I’ve taken my half year sabbatical from this blog and it is time to resume it. I love writing in it and the side of myself and my ministry it feeds, but I had to hunker down for a while to get things in order. As small a part of my life these entries represented, they were one thing I could set aside. So I did. It is time to pick it up again.
Last night I returned from the wilderness. Literal more than figurative. My wife, Kris, my two teens still at home and I drove up to the Boundary Waters Canoe Area Wilderness on Monday and set our canoes in at Lake One east of Ely on Tuesday morning, heading for Insula Lake. It is late fall up there. All the leaves are down except for some golden birch. Temperatures were in the low 30’s at night and low 50’s daytime. It was not a luxurious experience, but it was the transition from fall to winter for one of the places on this planet I love the most – and it is good to be part of it. We all sensed that and it didn’t need to be spoken. We all knew that this wasn’t going to be a ‘fun’ trip, but expected it to be a ‘good’ trip. That means you are there for what the Boundary Waters really are, not what you want them to be. It was a good trip.
It was quiet in the northwoods. We usually saw no other people until the entry lakes as we exited on the weekend. Wildlife has mostly migrated too. Days were short, and when there was no wind, the silence could make your ears ring. It is a season of nature that must happen, but one we typically pass over preferring the more comfortable.

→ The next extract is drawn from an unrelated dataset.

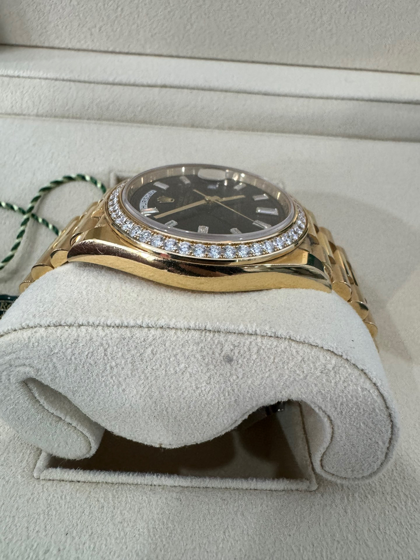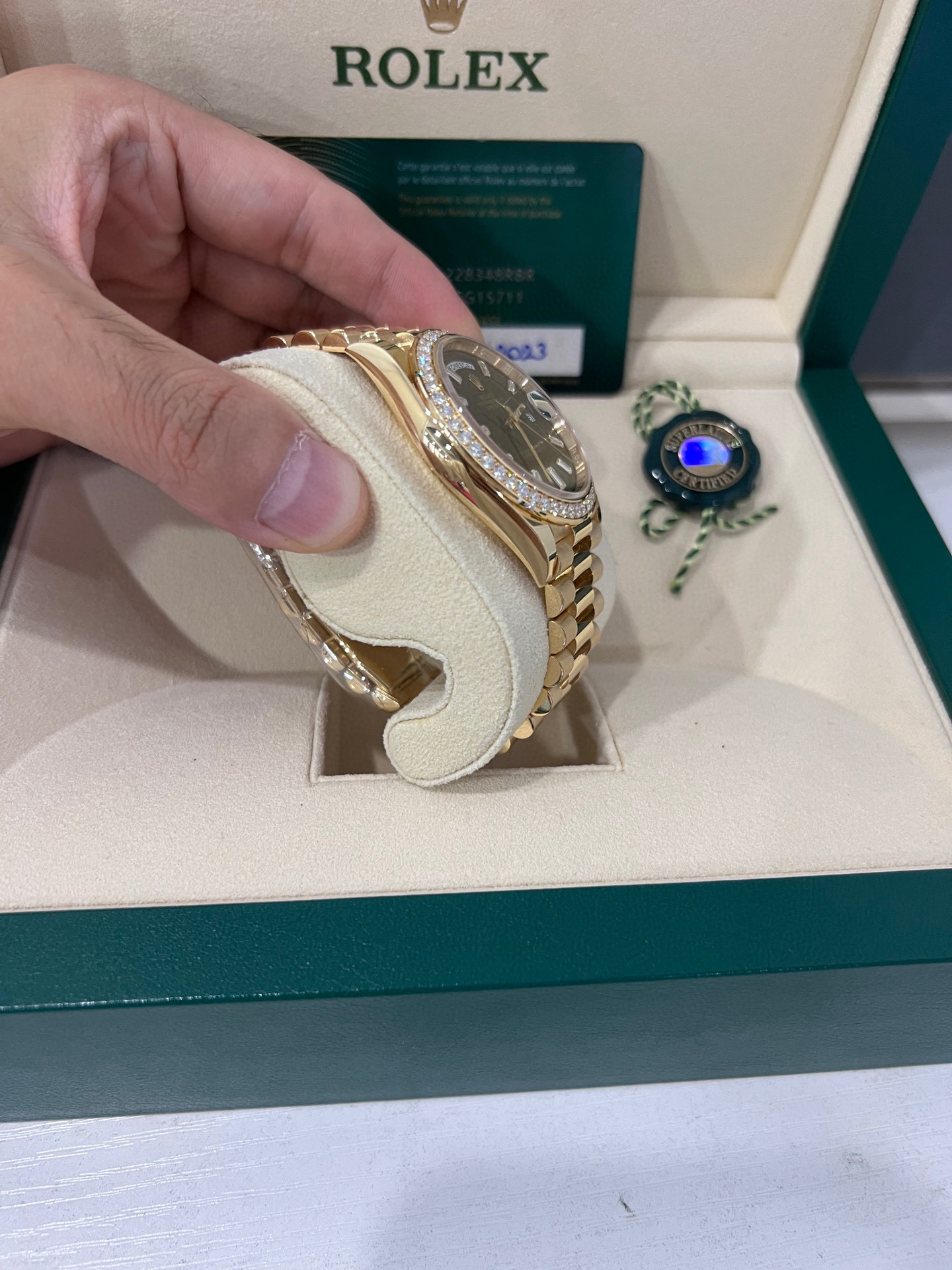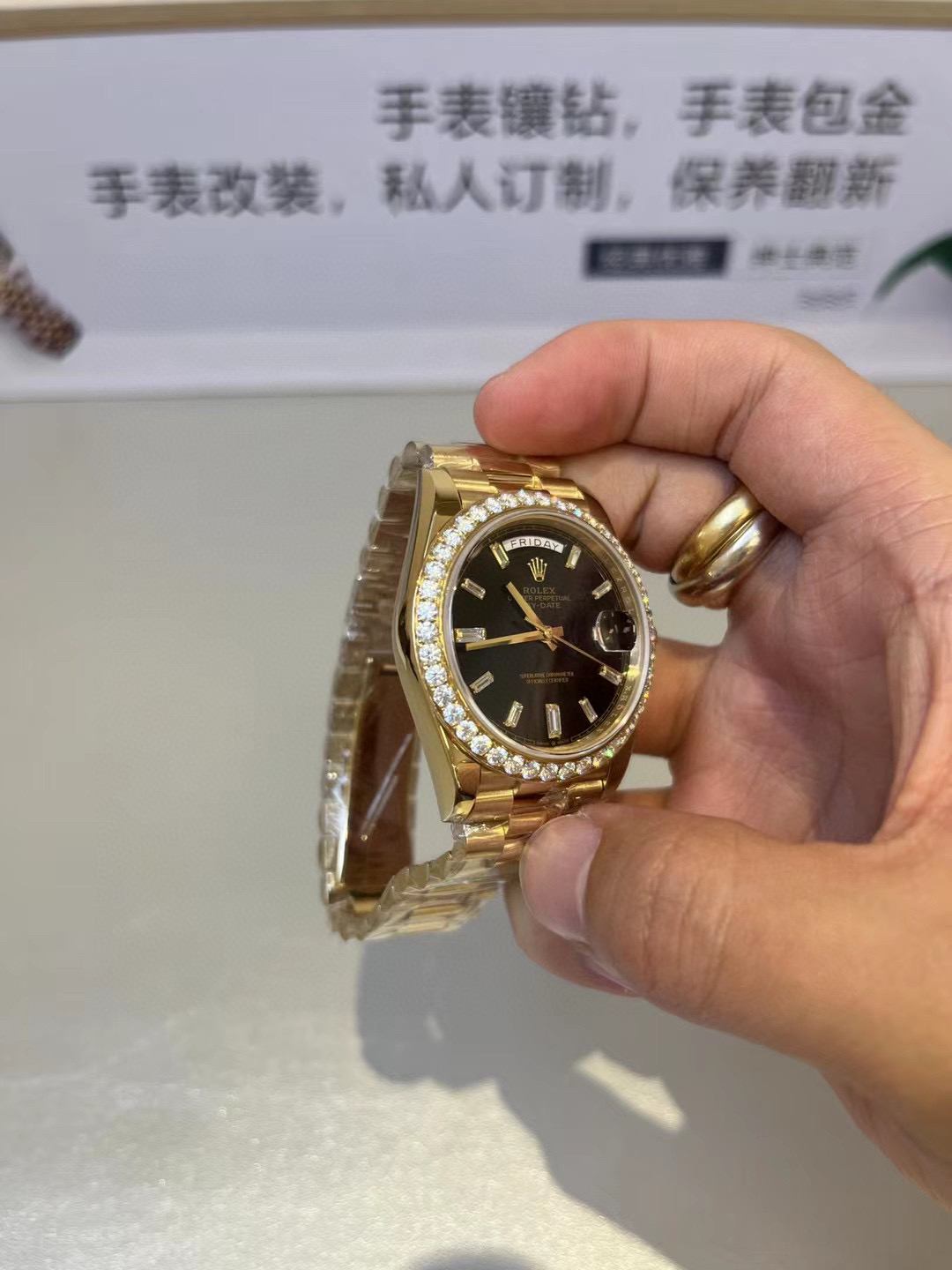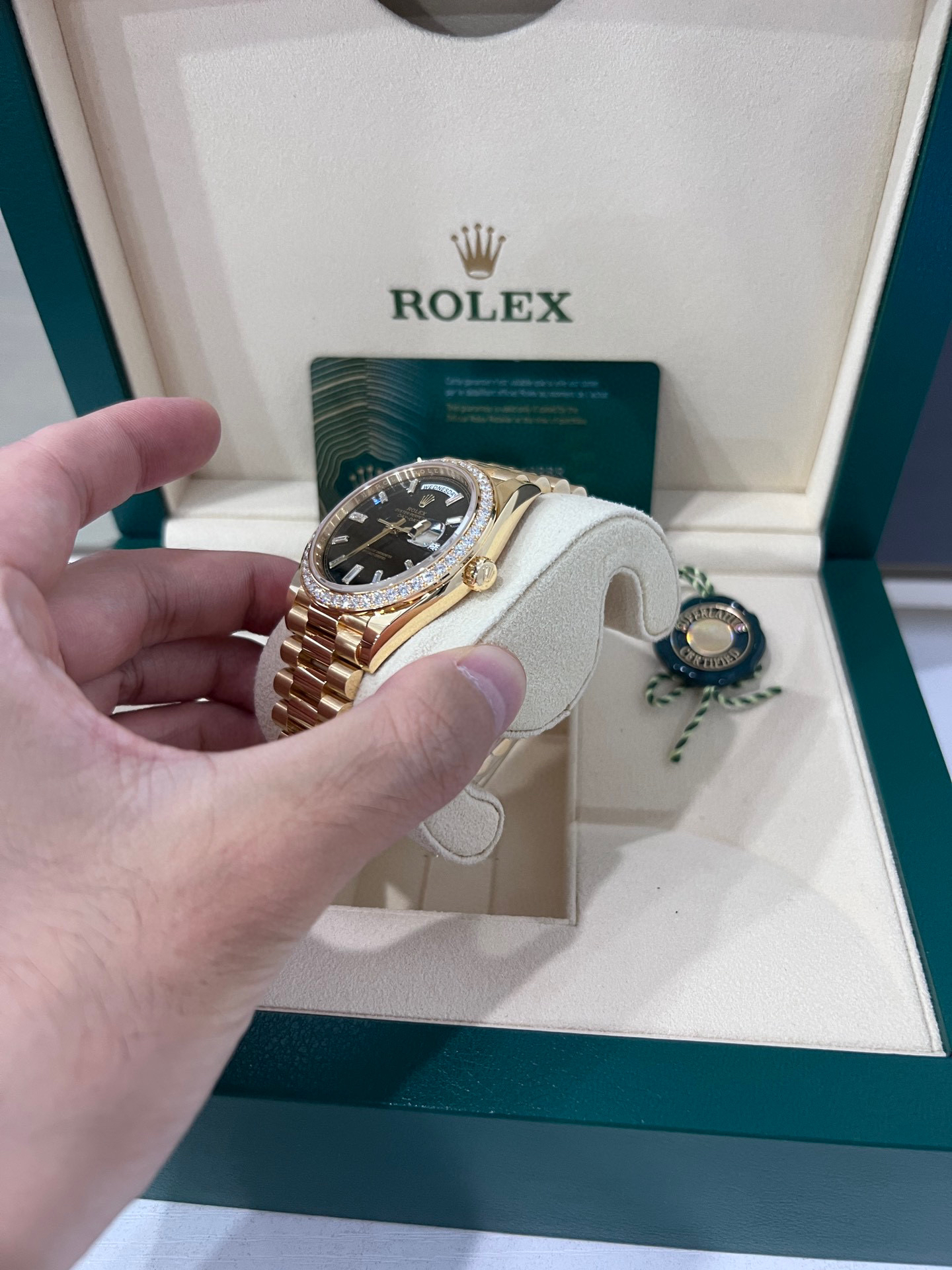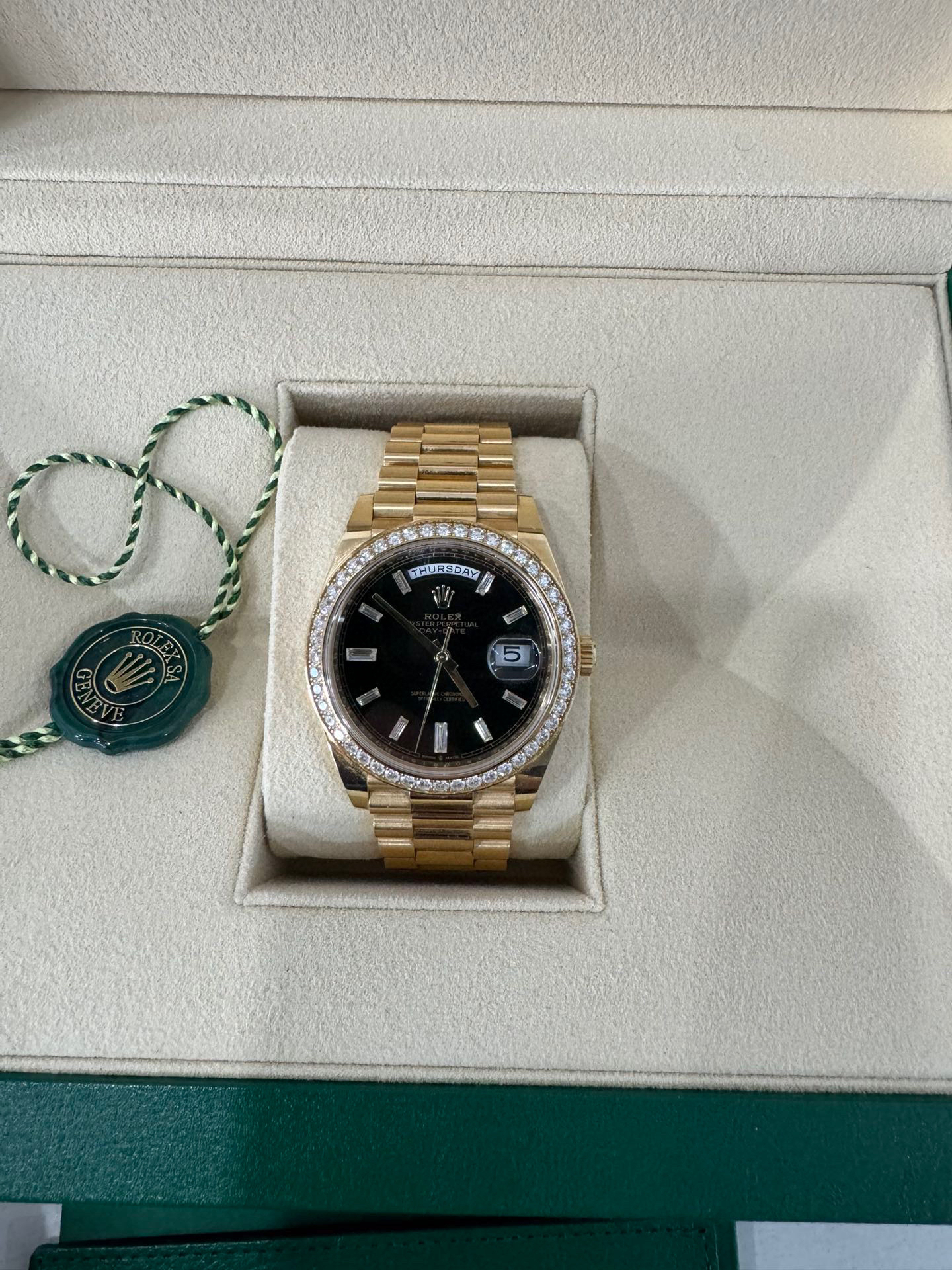 NOOB Factory新力作V2升级版 劳力士Rolex星期日志型40mm 搭载原版3255自动机械机芯228239系列腕表,40毫米直径,研发耗时16个月!原版1比1开模。重点升级了以下几个要点:1.表壳直径与2019最新版3255型系列一致40毫米。2.表带头粒与原装一致,5件拼装,难度非常高,表带与表壳交错型无缝连结。3.把头皇冠处下方修改为与原版一致的两个圆点。4.表扣与原版一致里面加装了弹簧,字体大小工艺和原装一致。5.表壳侧面与原版一致增加二维码防伪、底盖有验货二维码。6.表壳与表带连接处的壳身刻有与原版一致的型号数字228239。7.表的内影圈刻上了与保修卡一致的产品流水数字,而且做到了正品一致的一表一卡一码 绝不重复)8.附全套原版套装配置包括(保修卡,说明书,型号条型码与正品一致)全套包装与正品一致(市面上真正的原装一比一星期日历型)

When we sat still, listened and watched we were rewarded. A Ruffed Grouse on a drumming log only meters from our campsite entertaining our ears with low frequencies we felt instead of heard. The bellowing of a herd of moose not far away. Granite formations hidden by summer’s high waters showing their faces and grabbing at the underside of our canoes. Lichens and rose hips and matchsticks of brilliant white birch alight with a golden flame of leaves. Bald Eagles soaring above the waters for a last few weeks before they freeze over. Campfires. Quiet.
I have to say I was proud of my teenagers who wanted to head to the Boundary Waters this time of year. Their maturity of spirit in relishing the bittersweet six days we had speaks well of them. They realized that there are not only things one must experience to have the things one prefers, but that if one has the stomach for it, one can be nourished by them. I spent time thinking about the seasons of our own lives. We avoid and try to pass over the painful and less comfortable times. I understand that and do the same. But while we travel those less climate experiences we can sit back, relax, look around, take in and be enriched by what is happening to us. It is all good.
Last night someone asked me how I experience God. Your post does a great job of eloquently describing my limited relationship. On good days, I find God in the colors of fall, the cool air, the gentle breeze. But there I days where we get frightening storms, gusty winds, downpours, bitter cold. Just thinking about what comes after the storm, after the dead of winter, makes the experience much different. Maybe that’s faith. Knowing that there is something wonderful waiting for us beyond the storm. Literally and figuratively.
The centerpiece of faith in Christ is resurrection. Life from death, through death, despite death, you name it. The point is, there is no new life without real death. Thus death is pretty important – in all its forms. It would be masochistic to say that we should therefore welcome, like or happily accept it. It is still death. But God’s action, sealed in Jesus, is that this isn’t the last word. God’s trick, if you will, is to not eliminate death, but to render it impotent.